I had a dream last night that we were eating cake at Mercy...hahaha. I'm furious I didn't see you.
This cougar at my work just said "big breasts" referring to poultry... Still resulted in a boner.
Just did a line with a monopoly bill. Tell me I'm not fancy.
dude she has hot friends.. do you want blonde brunette or red head.. maybe asian?
what is this build-a-bear? .. just gimme one thats breathing
Dude also, my grandma got me condoms for easter and kind of winked. I don't know what to think
We talked him into tasing himself.
Dude she flew me 1000 miles down to see her, broke up with me 7 hrs after arrival, and kicked me out with a week left til I fly home. Thank god college taught me how to shack up
Someone asked me why we were having sex on the porch last night. All I remember is him saying he wanted the recruits to see. This has got to stop.

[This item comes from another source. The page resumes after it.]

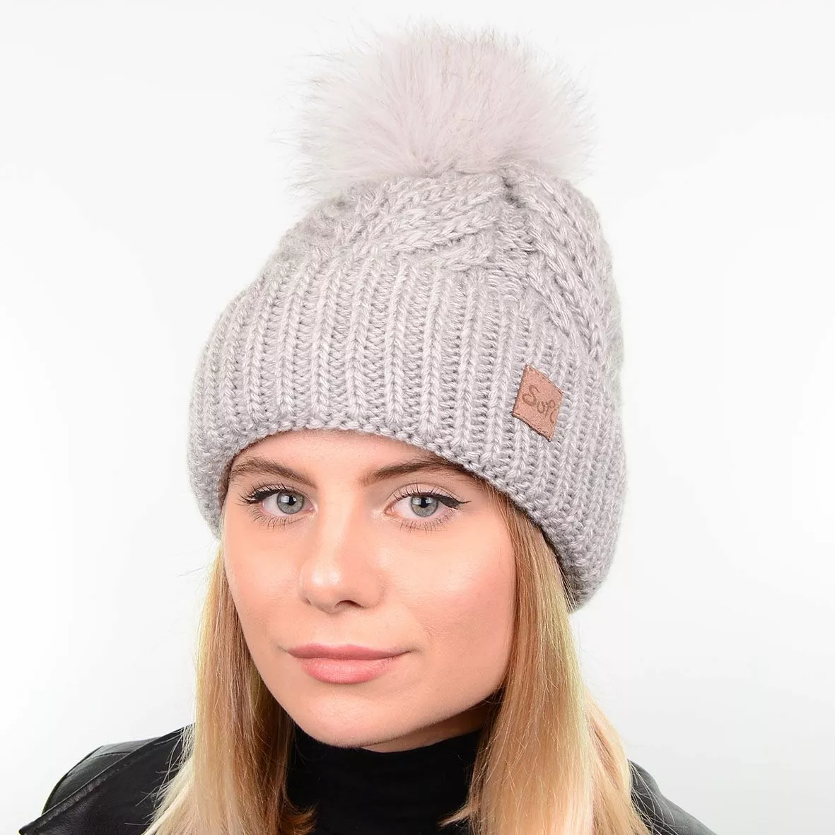Модная зимняя шапка с натуральным меховым помпоном - смотрится

Im at that shitty point in my day where I start planning night activities while finger dipping vyvance off of my desk, you got any plans?
I forgot to tell you. Your neighbor was walking his tiny dog and saw me crawl out of my jeep drunk vomiting and holding onto my bumper. He just said: morning! all friendly.
Shawn wouldn't stop singing about his cock on the ride home that night it freaked my girlfriend out how consistent he was
xanax give me strength to not ask where we stand with booty calls
I puked on his mom. Not my proudest moment
Do you know why I woke up with a half peeled lemon in my purse with a post-it that said "eat me" on it?